Disability benefit reforms are also characterized by similar developments. For instance, the Social Security (Incapacity for Work) Act of 1994 in Britain and the TBA of 1993 in the Netherlands gave rise to more stringent and less generous insurance systems and constituted landmarks for increased medical inspection. Together with a wider concept of suitable work, which generally encompassed any form of accepted work, more stringent medical tests the disability schemes have made a disability to greater extent a matter of individual liability linked to individual properties of claimants (i.e., level of claimants’ incapability) rather that of collective responsibility. Correspondingly, the Finnish benefit scheme has made a distinction between temporary and permanent disability (by employing medical tests) as of 1995. As consequence, the disabled tends to be split into two groups: those ‘genuinely’ disabled with full disability and few prospects to returning to work, and those ‘rehabilitative’ people with partial disability. The latter group of claimants face today access conditions very similar to those of (able-bodied) unemployed: access to partial disability provision is provided with a clear intention of combining the (temporary) financial transfer with return to the labour market. The Dutch reform of disability benefit (WIA act of 2006) and the new British Employment and Support Allowance (ESA) Act of 2008 illustrate this clearly. Through more rigorous tests, (full) benefits are targeted to those with severe health problems and poor chances to return to employment. Claimants medically declared as (partially) able to work, must make a claim to another unemployment benefit-type provision that aims at prompt return to employment, preferably, in the service of their current employer. Although to somewhat lesser extent, the Finnish disability scheme makes a similar distinction.
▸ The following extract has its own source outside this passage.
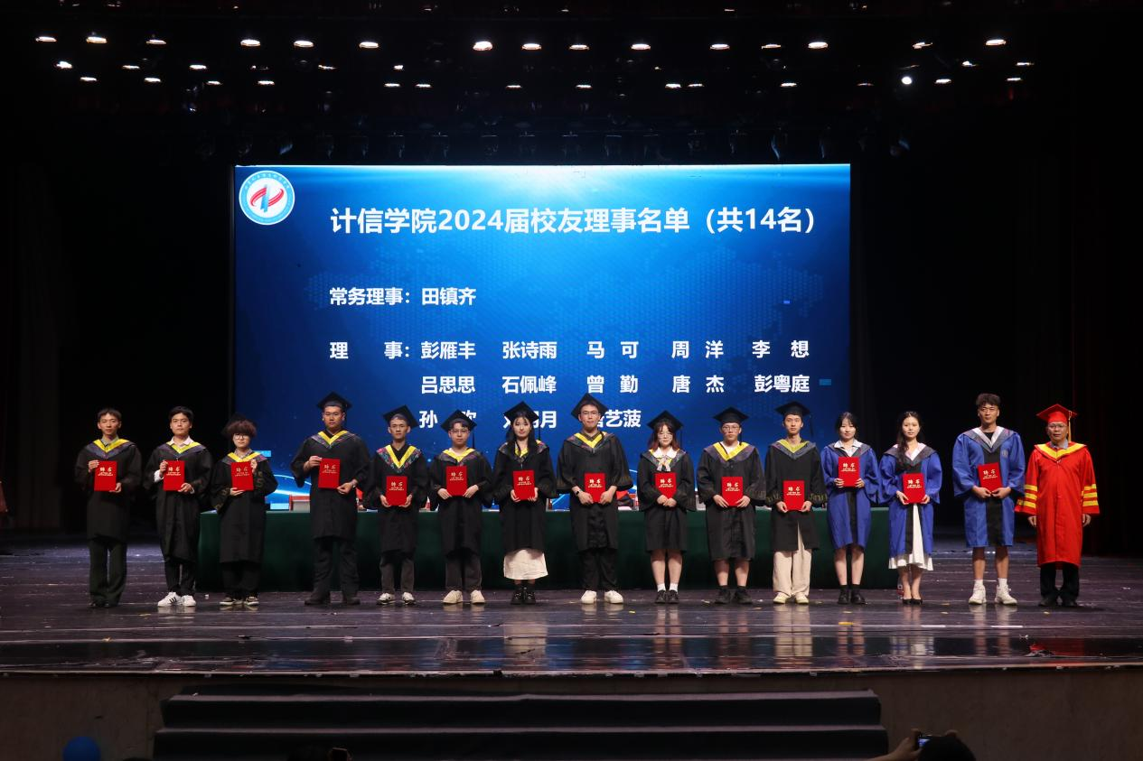 随后,学院校友分会会长魏延宣读校友理事名单并颁发聘书。魏延院长为毕业生们送上临别寄语。他祝贺同学们顺利毕业,开启人生新阶段;感谢同学们,与学院同进步共成长;鼓励同学们弘扬计信精神,转变角色继续进步,用好计算机这把钥匙打开人生新篇章,坚持终身学习,勇于担当社会责任。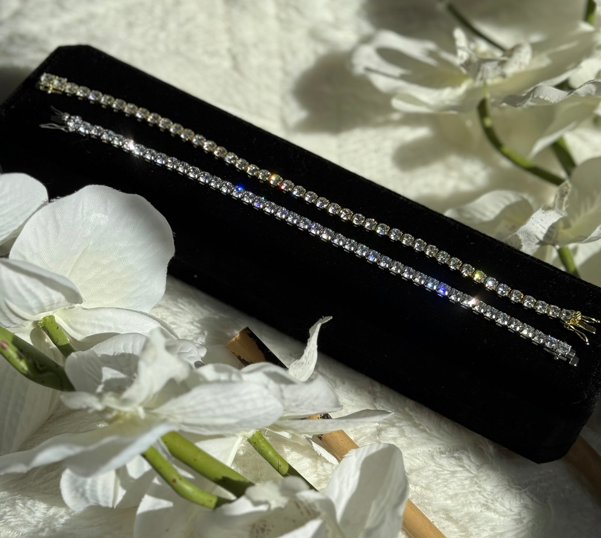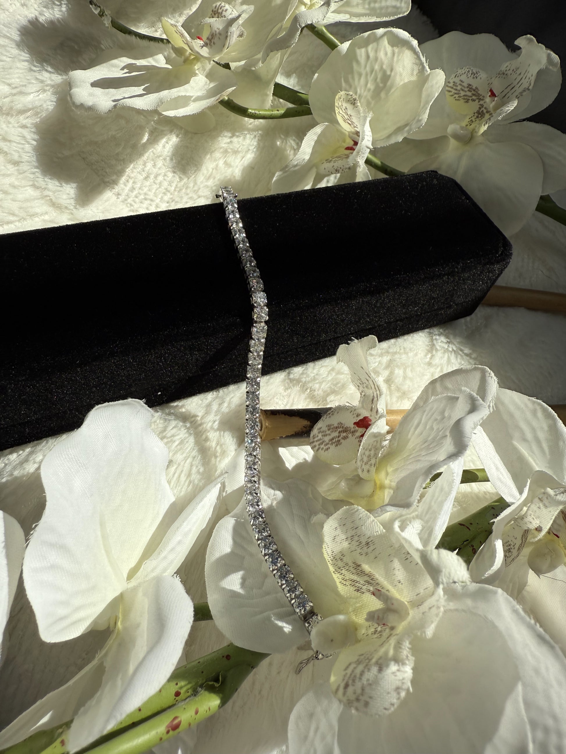 Add timeless sparkle to your look with this sterling silver tennis bracelet. Featuring 4mm brilliant zircon stones in a classic line design, this bracelet is 19cm long and secured with a sturdy lobster trigger clasp. Perfect for daily wear, layering, or gifting, it’s a versatile piece of dainty yet elegant jewelry that shines for every occasion.

In sum, the expectation of the construction of self-sufficiency is confirmed. Solidarity or collective responsibility is gradually being replaced as the principle underpinning State action by a growing emphasis on individual responsibility. Through individualization, people are enforced to construct their own individual biographies, irrespective to their status, families, employers, and the surrounding world. As a consequence, rather than targeting benefits for specified categories such as involuntarily dismissed employees, social insurance systems target benefits to single (or a more limited group of) claimants. Access is determined on case-to-case basis through various individual tests (i.e., medical examination, actively seeking work tests). As argued earlier, self-sufficiency does not imply less government efforts. On the contrary, it implies transformed government efforts, namely, social policy efforts organized to make individuals more self-sufficient, and hence, more emancipated from national arrangements. The degree of self-sufficiency of social risk is, however, not constant across the populations and/or countries. In these three countries, it is first and foremost the young (under 25) and labour market entrance whose access to insurance benefits has been hampered. The category of older workers remains to be relatively well protected since they pass the more extended work record/contribution requirement. Nevertheless, they too, need to demonstrate their individual willingness to find work. Following the welfare regime theory (Esping-Andersen 1990), countries vary with regard to the logic of redistribution. In the Netherlands and Britain, insured workers are covered by benefit schemes, whereas in Finland access to (basic) public unemployment insurance (requiring a weaker link to labour market) has a wider scope of eligibility. Self-sufficiency is constructed in Finland, but to a lesser extent than perhaps in the two other member states analyzed in this study.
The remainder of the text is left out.